Upon graduating from the arts college, she worked as an actor as well as a workshop facilitator with different theatre organisations. Her next two mentors came from one of the theatre organisations she obtained a full-time residency with. “I learnt devising by practising it with them. So I learnt their way, how they made theatre. [. . .] I still think of them as my most influential ‘early’ teachers”.
(DS131010).
Sandra
So I was doing quite a lot of work with [X theatre company] mainly as a director though I did some acting. We wanted to get work out. I fell into it (directing) by default and learnt on the job [. . .] I suppose a lot of it influenced my teaching.

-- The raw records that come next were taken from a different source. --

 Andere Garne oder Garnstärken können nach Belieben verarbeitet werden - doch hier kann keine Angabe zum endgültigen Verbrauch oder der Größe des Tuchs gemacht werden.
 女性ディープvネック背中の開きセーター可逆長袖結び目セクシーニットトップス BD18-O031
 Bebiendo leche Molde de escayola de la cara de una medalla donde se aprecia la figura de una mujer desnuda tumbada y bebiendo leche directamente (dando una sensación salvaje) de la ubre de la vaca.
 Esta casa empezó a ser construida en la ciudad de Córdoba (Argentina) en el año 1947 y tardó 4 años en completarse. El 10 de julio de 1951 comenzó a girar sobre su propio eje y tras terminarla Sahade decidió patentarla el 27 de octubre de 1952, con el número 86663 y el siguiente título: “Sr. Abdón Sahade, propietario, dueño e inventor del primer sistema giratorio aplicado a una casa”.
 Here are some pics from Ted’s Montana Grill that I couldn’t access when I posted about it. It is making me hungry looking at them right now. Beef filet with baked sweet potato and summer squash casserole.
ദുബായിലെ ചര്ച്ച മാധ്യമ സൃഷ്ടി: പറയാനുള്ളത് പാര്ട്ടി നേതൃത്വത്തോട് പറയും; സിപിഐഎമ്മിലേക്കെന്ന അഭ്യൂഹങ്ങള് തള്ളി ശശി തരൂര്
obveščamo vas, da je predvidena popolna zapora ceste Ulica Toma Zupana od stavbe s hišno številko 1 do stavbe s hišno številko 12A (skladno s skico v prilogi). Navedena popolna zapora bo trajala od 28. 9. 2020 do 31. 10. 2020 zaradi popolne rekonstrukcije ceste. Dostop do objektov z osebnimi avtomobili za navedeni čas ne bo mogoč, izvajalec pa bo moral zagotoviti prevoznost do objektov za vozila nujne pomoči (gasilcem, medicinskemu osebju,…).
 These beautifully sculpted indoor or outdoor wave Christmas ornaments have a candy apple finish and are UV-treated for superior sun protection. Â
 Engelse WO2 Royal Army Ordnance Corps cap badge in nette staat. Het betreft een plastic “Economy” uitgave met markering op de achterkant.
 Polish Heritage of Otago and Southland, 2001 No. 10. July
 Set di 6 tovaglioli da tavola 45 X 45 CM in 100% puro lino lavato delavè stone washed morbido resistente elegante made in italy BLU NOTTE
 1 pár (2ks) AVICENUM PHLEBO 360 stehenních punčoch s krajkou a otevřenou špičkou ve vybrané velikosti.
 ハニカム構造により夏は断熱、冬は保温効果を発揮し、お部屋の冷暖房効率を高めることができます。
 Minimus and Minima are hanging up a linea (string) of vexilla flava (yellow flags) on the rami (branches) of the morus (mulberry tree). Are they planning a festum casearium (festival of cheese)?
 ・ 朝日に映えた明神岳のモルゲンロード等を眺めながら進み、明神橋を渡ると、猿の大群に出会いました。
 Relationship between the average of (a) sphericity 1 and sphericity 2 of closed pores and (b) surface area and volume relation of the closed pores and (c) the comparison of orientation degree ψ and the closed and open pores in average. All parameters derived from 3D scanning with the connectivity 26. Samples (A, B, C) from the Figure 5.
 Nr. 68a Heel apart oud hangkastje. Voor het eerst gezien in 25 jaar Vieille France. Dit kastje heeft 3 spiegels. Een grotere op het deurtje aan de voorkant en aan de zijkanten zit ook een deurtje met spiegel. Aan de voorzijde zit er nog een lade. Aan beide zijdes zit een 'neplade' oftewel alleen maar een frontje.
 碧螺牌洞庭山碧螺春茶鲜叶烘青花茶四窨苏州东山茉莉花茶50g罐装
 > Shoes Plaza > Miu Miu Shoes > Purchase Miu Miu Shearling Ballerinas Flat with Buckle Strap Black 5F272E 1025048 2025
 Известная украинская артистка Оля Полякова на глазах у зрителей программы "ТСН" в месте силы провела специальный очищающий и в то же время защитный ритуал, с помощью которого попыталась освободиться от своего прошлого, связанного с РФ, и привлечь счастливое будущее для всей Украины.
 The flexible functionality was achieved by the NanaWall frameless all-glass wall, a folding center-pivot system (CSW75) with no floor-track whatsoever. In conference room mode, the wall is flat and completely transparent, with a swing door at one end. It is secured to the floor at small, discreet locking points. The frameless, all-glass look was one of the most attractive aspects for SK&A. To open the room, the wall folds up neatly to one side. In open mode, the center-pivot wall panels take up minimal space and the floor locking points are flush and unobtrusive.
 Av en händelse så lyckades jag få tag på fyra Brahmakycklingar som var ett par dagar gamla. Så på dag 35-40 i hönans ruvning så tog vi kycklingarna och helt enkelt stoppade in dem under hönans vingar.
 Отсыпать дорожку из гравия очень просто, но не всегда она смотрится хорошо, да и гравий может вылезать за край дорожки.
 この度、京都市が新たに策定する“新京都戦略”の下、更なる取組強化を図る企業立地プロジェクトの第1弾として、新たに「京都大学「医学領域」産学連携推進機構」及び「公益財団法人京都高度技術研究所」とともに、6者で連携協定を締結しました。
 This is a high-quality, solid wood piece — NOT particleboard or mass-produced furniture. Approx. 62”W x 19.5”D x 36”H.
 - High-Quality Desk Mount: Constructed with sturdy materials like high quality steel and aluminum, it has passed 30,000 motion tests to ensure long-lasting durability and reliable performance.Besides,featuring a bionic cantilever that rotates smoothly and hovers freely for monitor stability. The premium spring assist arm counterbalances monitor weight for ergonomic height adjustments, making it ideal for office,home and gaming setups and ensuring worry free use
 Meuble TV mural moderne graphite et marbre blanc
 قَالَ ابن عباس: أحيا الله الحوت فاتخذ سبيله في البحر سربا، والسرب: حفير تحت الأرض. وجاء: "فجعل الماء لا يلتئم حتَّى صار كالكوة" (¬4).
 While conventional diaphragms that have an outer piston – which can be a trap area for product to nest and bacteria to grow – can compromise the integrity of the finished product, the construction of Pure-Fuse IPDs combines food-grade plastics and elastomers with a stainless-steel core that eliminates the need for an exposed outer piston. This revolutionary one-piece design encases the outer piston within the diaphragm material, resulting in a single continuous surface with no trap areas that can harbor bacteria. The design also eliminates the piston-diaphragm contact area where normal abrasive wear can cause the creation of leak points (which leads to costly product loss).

Her engagement with the arts started early. “I clearly went into the arts because, to be honest, I was acting since I was a child. My mother was doing all these operettas in a [local school]. I inevitably ended up in these performances. [. . .] And then when I went to [name of school] that completely changed my life. Secondary 1, Merchant of Venice . . . I have to say that even at 12, I fell in love with Shakespeare”.
11.3.3: Code comparison and memo writing
As the analytical process deepened in the second coding cycle, theoretical implications emerged. For instance, I picked up on Olivia and Sandra’s emphases of how their interactions with theatre as well as its community of practitioners were pivotal in shaping their practice and identity as theatre artists. I noted statements indicative of the importance of those early moments (Table 3.10). The importance they placed on ‘learning as social’ was subsequently reflected in a memo. Memo writing was undertaken to work through the links offered by the codes. Below is an extract of one such memo, written after coding Olivia’s and Sandra’s interview transcripts on artistic and teaching histories.
Memo, 11 January 2011
Jo Trowsdale’s research points to training as a crucial factor in determining the artists suitability for school engagement. This remains to be a slice of a bigger picture. Olivia’s and Sandra’s transcripts refer to a process of continual learning. They talk about picking up experiences along the way. This then challenges Jo Trowsdale’s argument of artistic training as deterministic. Artistic training does offer directions but professional development helps to shape philosophical perspectives on how to teach. It is a dialogic experience between past training, present professional experience and their own construction of their learning experience. Also, more than just the training programme itself, the data identify ‘influential and older’ persons as well as significant and memorable ‘teaching moments’. These are also influential in shaping their world view/values/paradigm on the ‘training’ or ‘education’. There is a sense of the training experience as a community or world (Goodman?) made up of persons (older persons/teacher; students/peers), memorable moments (not limited to schools but also with other members of the theatre making community), and the experience of the learning they received from institution, persons and moments.
A significant discovery in the initial coding process was the presence of communities. The first was made up of older and “respected” teachers, spotting, supporting and nurturing younger talents. The second set of community was peers who were committed to doing something “out of nothing”. These communities were impactful in the way memberships in them generated knowledge and values about theatre making principles as well as about life at large. This emerging theme pointed to further readings on values as a constellation of action guiding ideas (Appiah 2006). This directed me to Bourdieu’s concept of habitus (1991), and Goodman’s
worldmaking (1978) as well as Clifford’s Geertz world view (1973).